- [TASK DESCRIPTION]: Reproduce the listing in full, pictures excluded.

- [INFORMATION SHOWN]:
[Start of section]
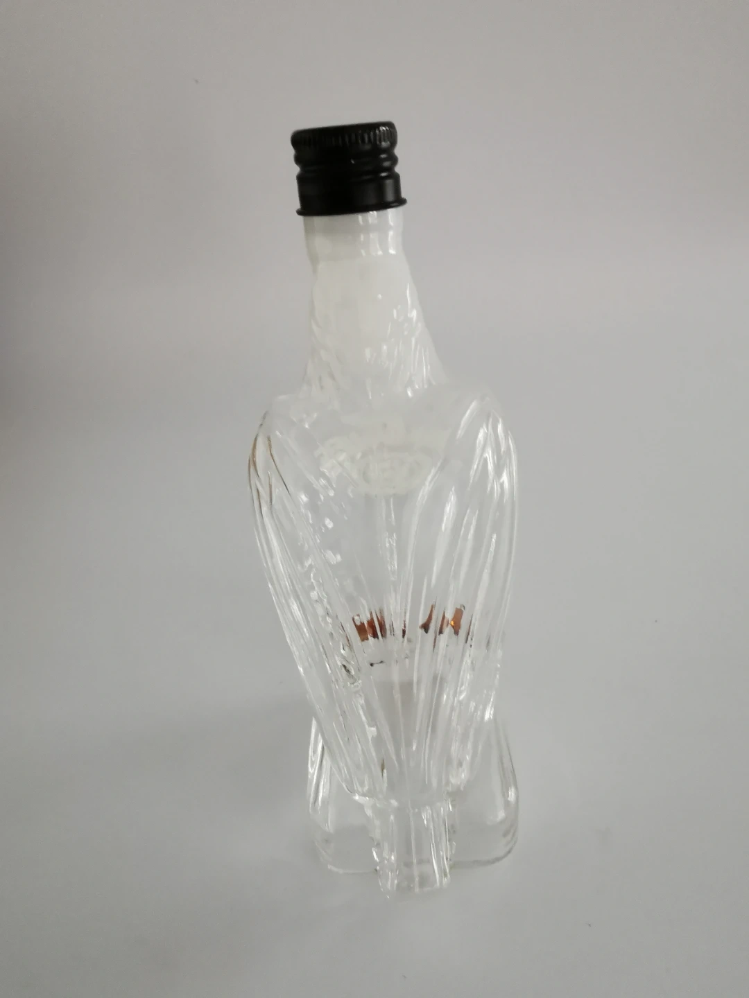 Add a unique touch to your collection with this Jack Daniels Bird Bottle! This novelty bottle, shaped like an eagle, stands approximately 5 inches tall and is in good condition. This is a new bottle and is empty.
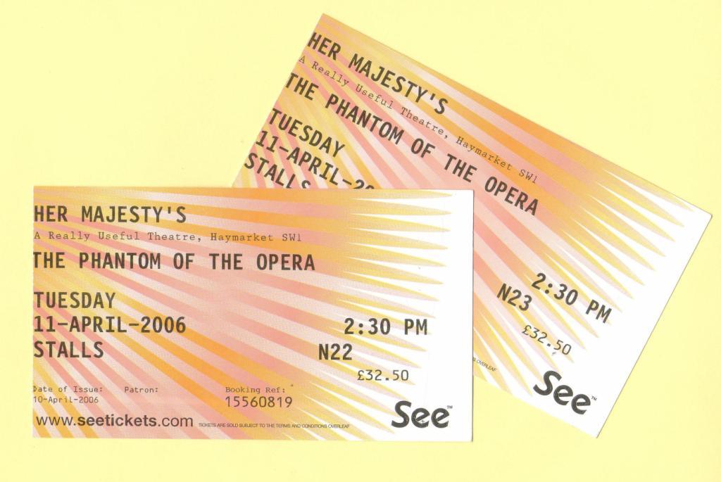 Ohjelmistoon voi tutustua etukäteen netissä. Me päädyimme tällä kertaa, naapurimme suosituksesta, katsomaan Oopperan kummitusta – ja olihan se hieno, mahtavine lavastuksineen! Ja kuten Lontoossa voi – menimme sinne sateisena iltapäivänä suoraan ”turistina”, reppuinemme, sateenvarjoinemme kaikkineen. Vaikka liput ovat arvokkaita ja teatterit vanhanaikaisen upeita, niin niistä voi mennä nauttimaan ”pukeutumatta” sen kummemmin. (Niin ja ne liput, matineaan, ostimme suoraan teatterilta, 2 lippua 65£. Luottokortti kelpasi maksettaessa. Leicester Squaren kojut tarjosivat samaan näytökseen yhtä lippua 65£:lla.)
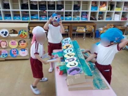 あやめ組はわにわにぱにっくのお店をしました。ゆっくりわにを動かしてみたり、はやくしてみたり工夫していました。カメラマンも登場し撮影も楽しんでいました!
[End of section]
- [RESPONSE TO THIS TASK]:
 Add a unique touch to your collection with this Jack Daniels Bird Bottle! This novelty bottle, shaped like an eagle, stands approximately 5 inches tall and is in good condition. This is a new bottle and is empty.
 Ohjelmistoon voi tutustua etukäteen netissä. Me päädyimme tällä kertaa, naapurimme suosituksesta, katsomaan Oopperan kummitusta – ja olihan se hieno, mahtavine lavastuksineen! Ja kuten Lontoossa voi – menimme sinne sateisena iltapäivänä suoraan ”turistina”, reppuinemme, sateenvarjoinemme kaikkineen. Vaikka liput ovat arvokkaita ja teatterit vanhanaikaisen upeita, niin niistä voi mennä nauttimaan ”pukeutumatta” sen kummemmin. (Niin ja ne liput, matineaan, ostimme suoraan teatterilta, 2 lippua 65£. Luottokortti kelpasi maksettaessa. Leicester Squaren kojut tarjosivat samaan näytökseen yhtä lippua 65£:lla.)
 あやめ組はわにわにぱにっくのお店をしました。ゆっくりわにを動かしてみたり、はやくしてみたり工夫していました。カメラマンも登場し撮影も楽しんでいました!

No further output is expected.